The actual forging of a katana from selection of iron ore to preparing the various steels used through final heat treatment usually takes 2 weeks.

My first Shopify optimization took that long, too. Now, when clients ask me “When is it going to be ready?” I reply: “In five business days, give or take”.

Why can’t I give an exact time of completion?

Forging a sword and optimizing a Shopify store for speed are engineering projects. They do have requirements for technical time. They are as much a craft as they are a set of clearly defined tasks to be performed to achieve a certain result. The improvement of the process is discovered while performing the process itself.

What happens before a store is ready to load as fast a lightning?

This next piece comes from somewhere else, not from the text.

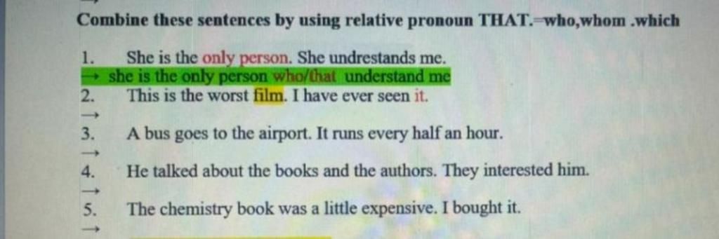 $\text{ 5. The chemistry book which I bought was a little expensive }$
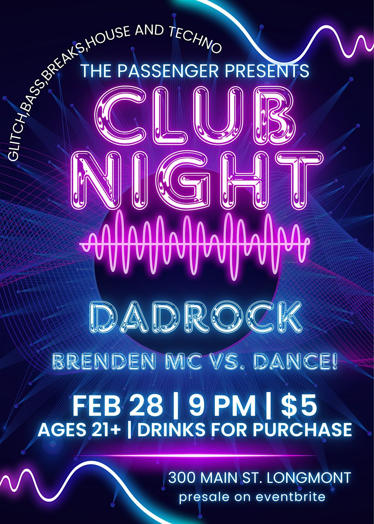 Join us at The Passenger for a club night packed with glitch, bass, breaks, house, and techno as Brenden MC and Dance! go back-to-back. These two have been rocking underground scenes across multiple states since the late ’90s—expect deep cuts, heavy grooves, and the occasional “wait… I know that sample 👀” moment.

As every good craftsman, designer, engineer or scientist, my process consists of stages, that ensure I’ll get to the desired result.

Stage One

Initial set up and on-boarding

At that stage I get access to the Shopify store. I create a staging theme to create a safe development environment that protects the live site. I then set up a private app that lets me access its files remotely. This is done for a number of reasons:

  1. My tools are better than the built-in editor Shopify provides for changing the code of the theme
  2. I want to track and save my changes in a version control system. This guarantees I’m able to go back and easily undo a change that breaks the store

Stage Two

Deep performance analysis

After the project environment is set up, it is time to get a closer look on the performance issues. At this stage I look at the code of the website and run more tests that clarify the exact location of the problematic code. Here I get to make note of everything that needs to be improved and how I intend to fix it.

Stage Three

Task prioritization

Now that we have the list of issues I sort them in two piles—the ones that have high performance impact on the store and require high effort to implement and the ones which have high impact, but require less effort. I start with the lowest hanging fruits, of course :) This way I can produce quick wins which I publish shortly after I fix them. That practice enables the store owner to benefit from the speed without having to wait for the project to be complete.

Stage Four

Working the list

During this stage I’m working on the code and design of the store towards the desired result. Working the list I’ve created for myself means measuring the speed of the page first, then implementing a fix, then measuring again to make sure that the change was indeed an improvement.

Stage Five

Hand-off

After the desired result is achieved it is time for handoff. At that stage I provide guidance on how to use and further customize the Shopify store it in a way that doesn’t kill my changes. A development guide is provided so that other developers working on the website know how not to break the optimization.

The Shopify speed optimization process is a perfect example of the 80/20 principle

Stage Four—the tactical step, usually takes up to 80% of the time and the rest take more like 20. In practice, how much will the implementation phase take depends largely on the store and its particular complications.